Unterposition 8201 90 erfasst Handwerkzeuge für Landwirtschaft, Gartenbau und Forstwirtschaft, die nicht unter andere Unterpositionen des Kapitels 82 fallen, wie Heugabeln, Getreidesicheln, Wiesensensen, Gartenhacken und spezielle Bodenbearbeitungsgeräte für den Obst- und Gemüseanbau. Es handelt sich um eine Restunterposition: Werkzeuge, die nicht unter die ausdrücklich genannten Unterpositionen 8201 10 bis 8201 60 fallen, werden hier eingereiht. Vor der Zuweisung zu dieser Unterposition sollten Einführer prüfen, ob das Werkzeug nicht präziser unter eine frühere, spezifischere Unterposition desselben Kapitels fällt. Motorisierte Werkzeuge mit elektrischem, Verbrennungs- oder Pneumatikantrieb sind in anderen KN-Kapiteln einzureihen. Zollsätze und Handelsmaßnahmen stets in TARIC überprüfen.
Benötigen importierte landwirtschaftliche Handwerkzeuge eine CE-Kennzeichnung in der EU?
Einfache Handwerkzeuge wie Gabeln, Sicheln und Sensen der Unterposition 8201 90 unterliegen keiner Pflicht zur CE-Kennzeichnung - die Maschinenverordnung (EU) 2023/1230 gilt in erster Linie für Geräte mit mechanischer Antriebsquelle, nicht für vollständig manuell betriebene Werkzeuge. Verbraucherprodukte müssen jedoch die Allgemeine Produktsicherheitsverordnung ((EU) 2023/988) erfüllen und dauerhaft mit Hersteller- oder Importeurangaben und Produktionsland gekennzeichnet sein sowie eine Gebrauchsanweisung mit Sicherheitshinweisen in der Sprache des Bestimmungslandes enthalten. Professionelle Agrarwerkzeuge für den Einsatz durch Arbeitnehmer müssen die am Verwendungsort geltenden Arbeitsschutzvorschriften des jeweiligen Mitgliedstaats erfüllen. Fehlende erforderliche Kennzeichnungen können zur Zurückhaltung der Waren durch Marktüberwachungsbehörden bei der Einfuhr führen.

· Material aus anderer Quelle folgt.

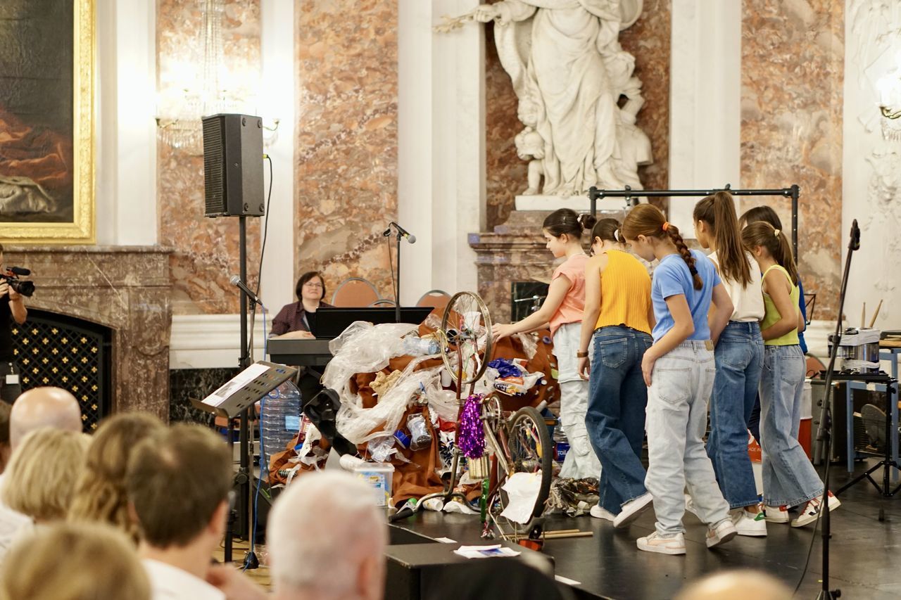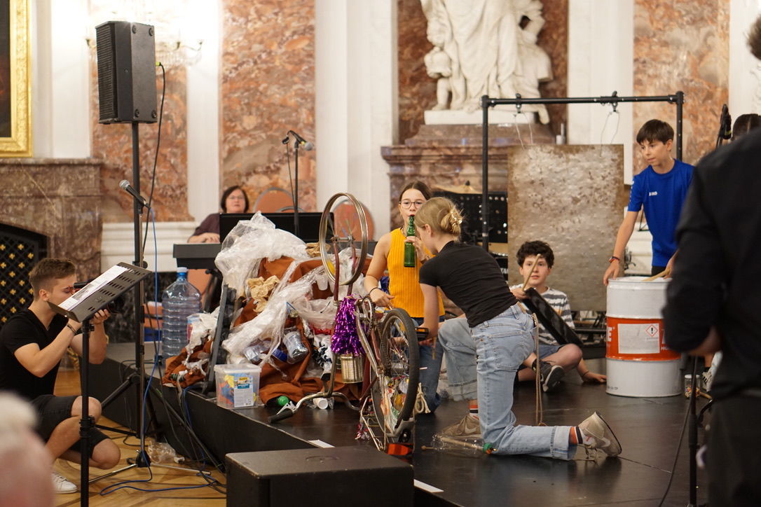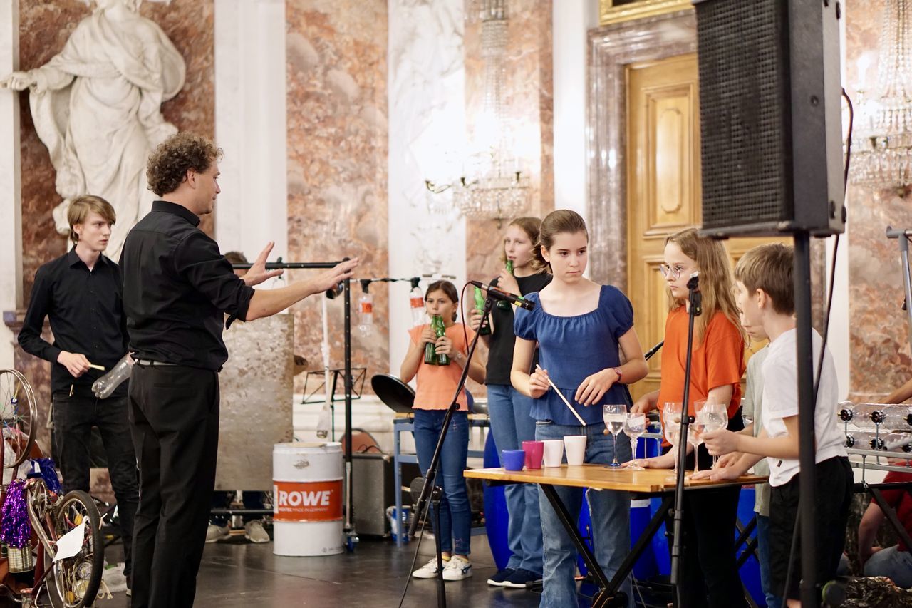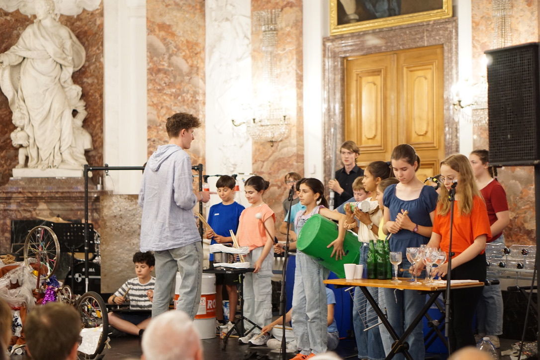 Das Schulorchester, die Streicherklasse und die Chöre des UGM gestalteten ein abwechslungsreiches Programm. Nicht nur der Auftritt im Schloss, sondern auch die Stücke des Upcycling-Orchesters, unter der Leitung von Herrn Grän, waren für eine Schulveranstaltung des UGM bisher einmalig. Allein durch das Upcyclen von gebrauchten Gegenständen und Müll, entstanden neue Instrumente, die das Publikum in ihren Bann zogen. Sowohl der Einzelauftritt des Upcycling-Orchesters als auch die Kooperation mit Orchester und Chor des UGM waren ein voller Erfolg.

Wie lassen sich Einreihungsfehler zwischen 8201 90 und anderen Unterpositionen des Kapitels 82 vermeiden?
Die Einreihung in Unterposition 8201 90 ist residual - zunächst ist zu prüfen, ob das Werkzeug unter die enumerativ genannten Unterpositionen fällt: 8201 10 (Spaten und Schaufeln allgemein), 8201 20 (Mist- und Dungabeln), 8201 30 (Äxte, Hippen und Spitzhacken für die Forstwirtschaft), 8201 40 bis 8201 60. Verwendungszweck (Landwirtschaft, Gartenbau, Forstwirtschaft) und Werkzeugkonstruktion sind maßgeblich. Eine fehlerhafte Einreihung kann zur Anwendung eines falschen Zollsatzes und einer zollamtlichen Nachforderung mit möglichen Sanktionen führen. Bei echten Zweifeln empfiehlt sich die Beantragung einer verbindlichen Zolltarifauskunft (vZTA) bei der zuständigen Zollbehörde. Aktuelle Zollsätze stets in TARIC prüfen.
Welcher Zollsatz gilt für landwirtschaftl. Handwerkzeuge KN 8201 90?
Der Zollsatz für landwirtschaftl. Handwerkzeuge KN 8201 90 richtet sich nach dem Ursprungsland gemäß TARIC. Präferenzzölle können im Rahmen von EU-Handelsabkommen gelten. MFN-Satz und eventuelle Antidumping-Maßnahmen sind im TARIC nachprüfbar.